Kerry AshbyMNZM

Personal information
- Full name: Kerry Ayling Ashby
- Born: 4 September 1928 Devonport, New Zealand
- Died: 3 March 2015 (aged 86) Weymouth, New Zealand
- Spouse: Winifred Griffin
- Relative: Murray Ashby (brother)

Medal record
Men's rowing
Representing New Zealand
British Empire Games
| Silver medal – second place | 1950 Auckland | Eight |
| Silver medal – second place | 1954 Vancouver | Coxed four |

= Kerry Ashby =

New Zealand rower and rugby union footballer

Kerry Ayling Ashby (4 September 1928 – 3 March 2015) was a New Zealand rower.

==Early life and family==
Ashby was born in Devonport on Auckland's North Shore in 1928, the son of Catherine Adele (née Gozar) and Edward Ashby, and the older brother of Murray Ashby.

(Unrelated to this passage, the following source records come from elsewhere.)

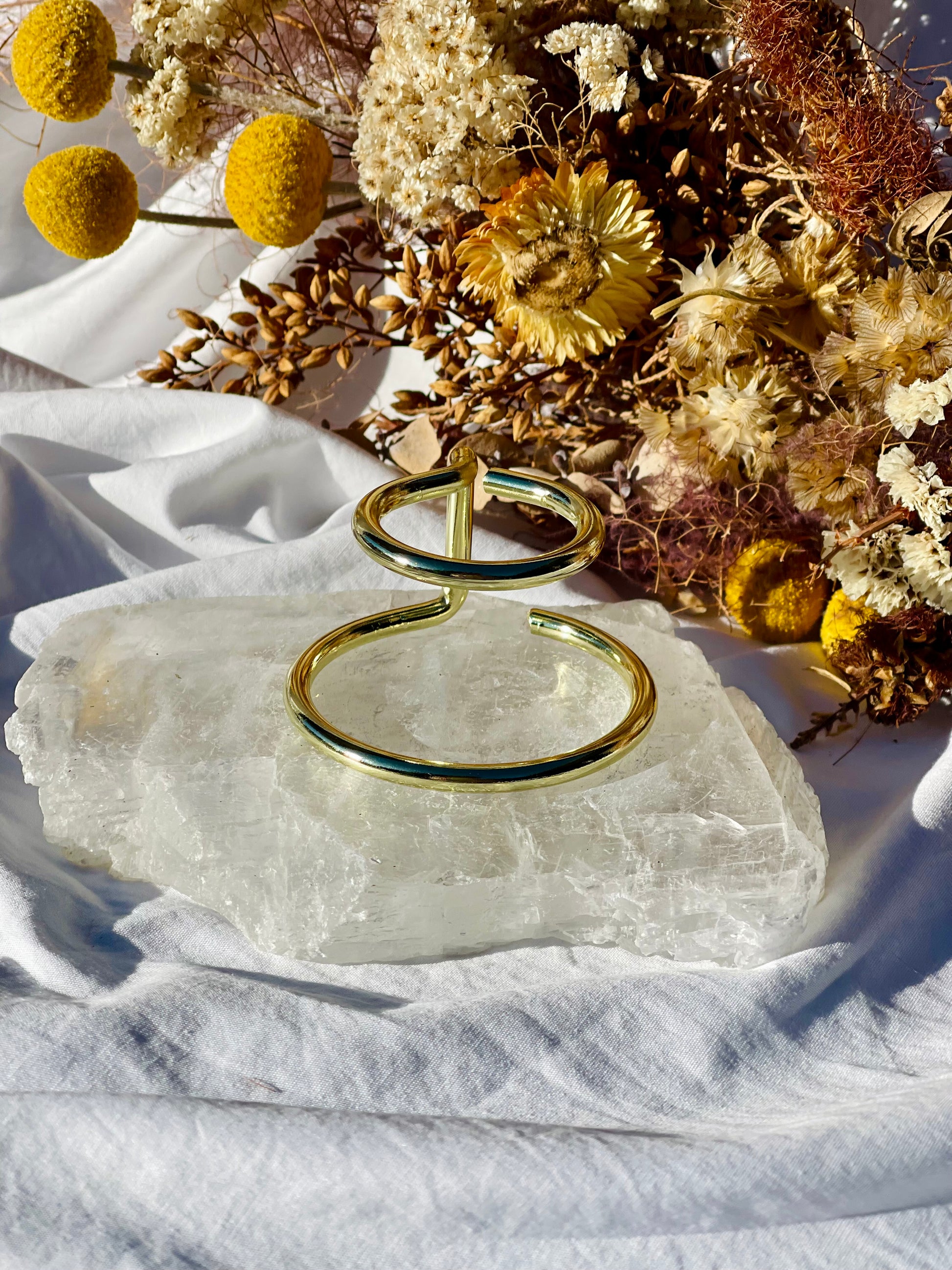 Transform your crystal display with a stunning sphere stand in gold. Show off your collection in style and elevate any room with this beautiful and practical addition.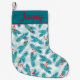 Eleganter, weißer Strumpf mit einem einzigartigen Muster von Aquarellkiefern und niedlichen roten Beeren. Sie können es mit dem Namen Ihres Liebsten anpassen. Perfektes Weihnachtszubehör für ein gemütliches Haus, das in einem Vintagen oder rustikalen Stil mit traditionellem Waldmotiv dekoriert ist.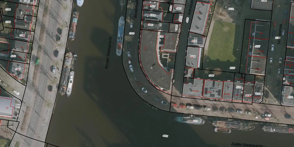 Het perceel waarop Westerkade 39 staat heeft een oppervlakte van 933 m². Dit is een groot perceel. De perceeloppervlakte wordt geregistreerd door het Kadaster. Gedetailleerde informatie over de maten van dit perceel kunt u vinden in het rapport Kadastrale kaart met maatvoering van Westerkade 39.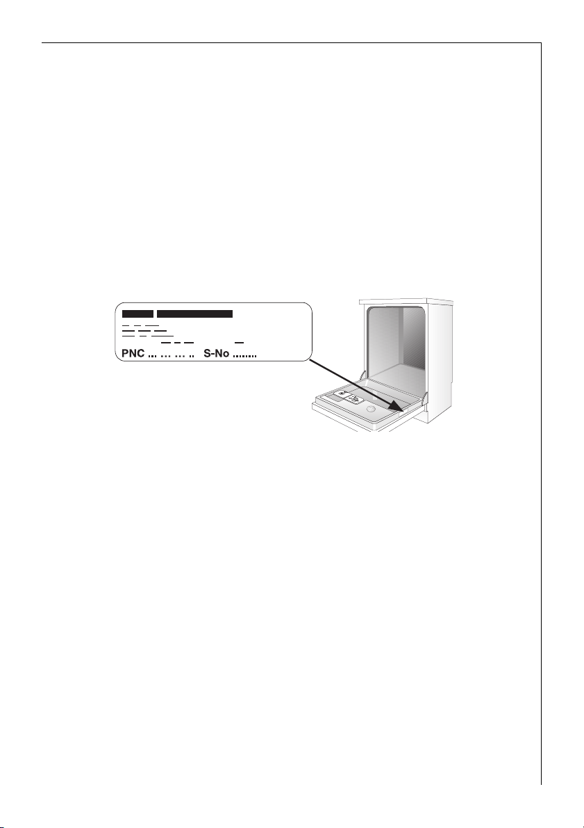 Geben Sie dem Kundendienst die PNC-Nummer und die S-No (Seriennummer) an, die Sie auf dem Typschild finden. Es befindet sich am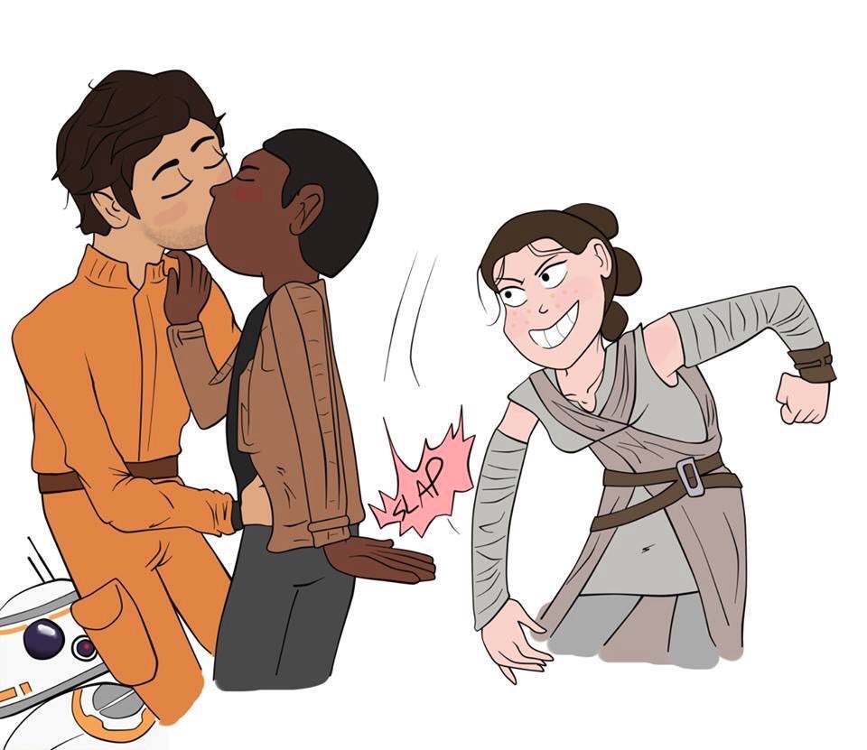 Режиссёр Райан Джонсон восьмого эпизода фантастической саги «Звёздные войны» намекнул на возможные гей-отношения между героями фильма. Режиссер опубликовал в своём «твиттере» картинку с целующимися главными героями седьмого фильма — пилотом По Дэмероном и бывшим штурмовиком Финном, позади которых стоит радостная Рей.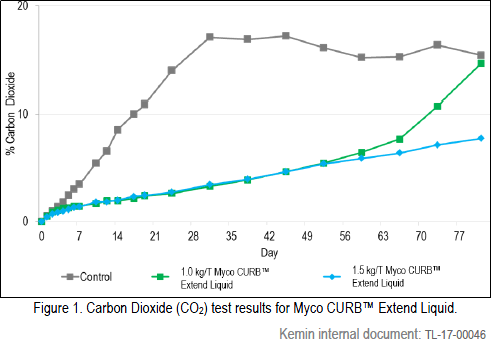 In a trial to evaluate the efficacy of Myco CURB™ Extend Liquid in preventing mold growth, a batch of corn was treated with the product. This test measures the carbon dioxide released in a closed system where samples are incubated. As mold produces carbon dioxide during its metabolism, the carbon dioxide released serves as an indicator of moldactivity in the samples.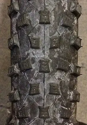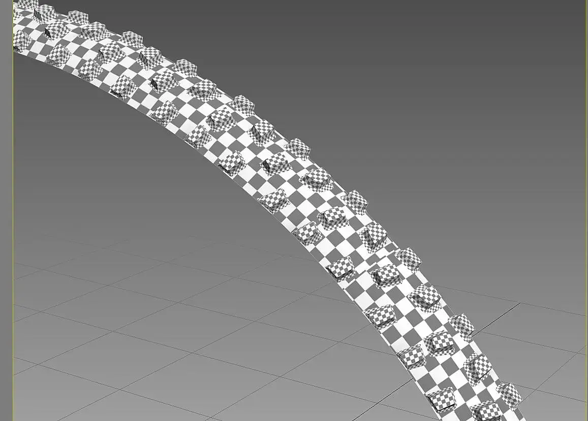 Я в начале делал так: моделил один сегмент с шипами, бендил подгонял чтоб он был по форме покрышки в фас и профиль, потом смещал центр в ноль и аррейем этот сегмент копировал и сшивал края сигментов меж собой , а только потом делал развертку в анварпе, развертка была кривой и не получалось красиво нарисовать на шипах прорези для бампа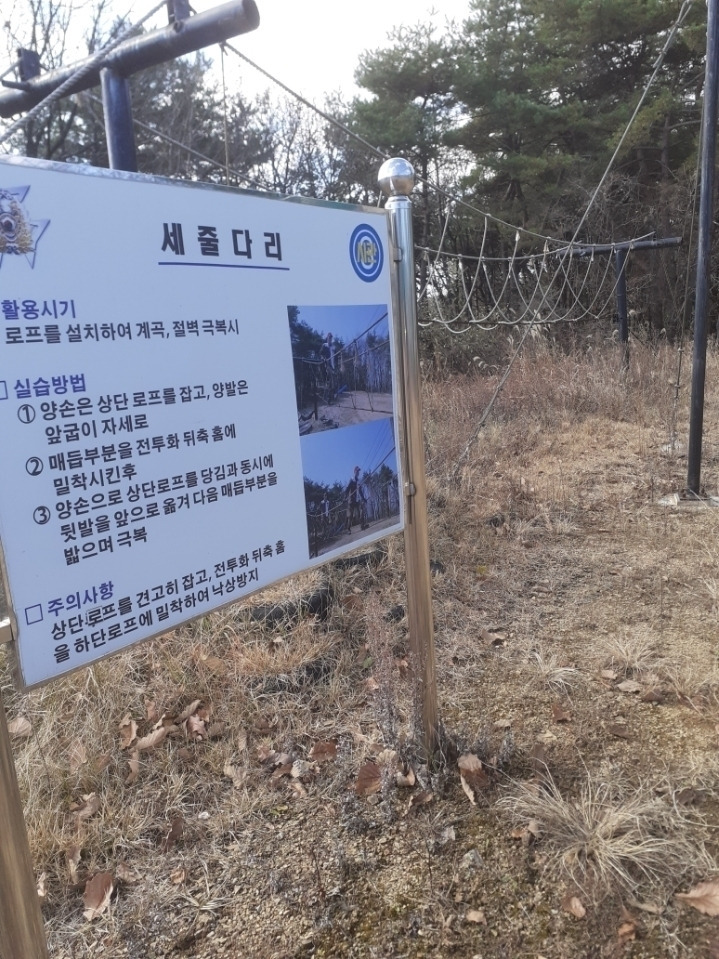 유격훈련장에 두줄과 세줄을 이용한 훈련코스인데 여기는 평지에 설치를

From 1943 to 1946 Ashby was educated at Mount Albert Grammar School, where he was a prefect, captain of the rowing team and member of the 1st XV rugby union team. He played senior club rugby for the Grammar Old Boys club.

He was married to swimmer Winifred Griffin.

==Rowing career==
Ashby rowed for the West End Rowing Club in Auckland, and won New Zealand national championship titles in the men's eights in 1949, 1951, 1952, 1953 and 1963, the men's coxed four in 1953 and the men's double sculls in 1956.

At the 1950 British Empire Games he won the silver medal as part of the men's eight alongside crew members Donald Adam, Murray Ashby, Bruce Culpan, Thomas Engel, Grahame Jarratt, Don Rowlands, Edwin Smith and Bill Tinnock. At the next British Empire and Commonwealth Games in Vancouver during 1954, he won another silver medal in the men's coxed four. He also competed in the men's coxed four at the 1952 Summer Olympic Games in Helsinki, but did not progress beyond the repechages.

He later coached the Mount Albert Grammar rowing squad from 1966 to 1978, and was the manager of the New Zealand rowing team at the 1976 Olympic Games in Montreal, where the New Zealand men's eight won bronze.

Ashby served a term as president of the New Zealand Rowing Association, and was made a life member of both the West End Rowing Club and Rowing New Zealand. In the 2001 Queen's Birthday Honours, he was appointed a Member of the New Zealand Order of Merit, for services to rowing.

Ashby died at his home in the south Auckland suburb of Weymouth in 2015.